Dai Lei, Wang Yaozong, Chen Liangliang, Zheng Jueru, Li Jianjun, Wu Xianjiang
Department of Thyroid Surgery, Ningbo NO.2 Hospital, NO.41 Xibei Street, Ningbo City, 315000, Zhejiang Province, China.
World J Surg Oncol. 2017 Jan 7;15(1):11. doi: 10.1186/s12957-016-1086-z.
Many studies have reported several transcriptionally deregulated microRNAs (miRNAs) in papillary thyroid cancer (PTC) tissue in comparison with benign thyroid nodules and normal thyroid tissues. However, the correlation between miRNA expressions and PTC recurrence still remains unclear.

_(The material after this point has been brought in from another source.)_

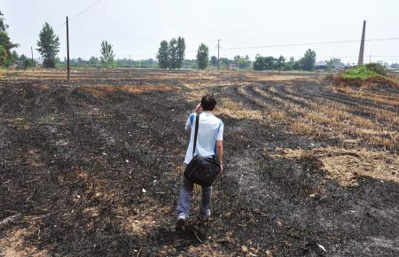 “這個(gè)村地里留下的秸稈,不敢說是100%,至少90%都是燒了的!币徽诘乩锊逖淼拇迕窀嬖V記者,幾天前他就將地里的秸稈全部燒了,清理完畢后,在地里灌上水準(zhǔn)備插秧!笆崭顧C(jī)收完麥子后,還有半茬樁子留在地里,弄起來太麻煩,一把火燒了干凈!

The PTC patients who scheduled to undergo total thyroidectomy by the same surgical team in Ningbo NO.2 Hospital from March 1998 to March 2008 were enrolled in this study. The clinical and pathological characteristics of each patient were recorded in detail. The selected miRNA expressions were detected using quantitative reverse transcriptase-polymerase chain reaction (qRT-PCR). Potential predictive factors for cancer recurrence were evaluated by univariate and multivariate Cox proportional hazard analysis.
A total of 78 patients were enrolled with 49 females at a mean age of 45.8 years. Enrolled patients were divided into two groups: nonrecurrent group (n = 54) and recurrent group (n = 24). The results from the univariate Cox proportional hazard analysis revealed that primary tumor size, TNM stage, extrathyroid extension, miR-221, and miR-222 expressions were significantly associated with PTC recurrence (P < 0.05). The tissue expression of miR-221 was the only independent risk factor for PTC recurrence (HR 1.41; 95%CI 1.14-1.95, P = 0.007) by multiple Cox proportional hazard analysis.
This study identified the potential role of miR-221 as a prognostic biomarker for the recurrence in PTC.
许多研究报告称,与良性甲状腺结节和正常甲状腺组织相比,乳头状甲状腺癌(PTC)组织中有几种转录失调的微小RNA(miRNA)。然而,miRNA表达与PTC复发之间的相关性仍不清楚。
本研究纳入了1998年3月至2008年3月在宁波市第二医院由同一手术团队计划进行全甲状腺切除术的PTC患者。详细记录每位患者的临床和病理特征。使用定量逆转录聚合酶链反应(qRT-PCR)检测所选miRNA的表达。通过单因素和多因素Cox比例风险分析评估癌症复发的潜在预测因素。
共纳入78例患者,其中49例女性,平均年龄45.8岁。纳入的患者分为两组:无复发组(n = 54)和复发组(n = 24)。单因素Cox比例风险分析结果显示,原发肿瘤大小、TNM分期、甲状腺外侵犯、miR-221和miR-222表达与PTC复发显著相关(P < 0.05)。多因素Cox比例风险分析显示,miR-221的组织表达是PTC复发的唯一独立危险因素(HR 1.41;95%CI 1.14 - 1.95,P = 0.007)。
本研究确定了miR-221作为PTC复发预后生物标志物的潜在作用。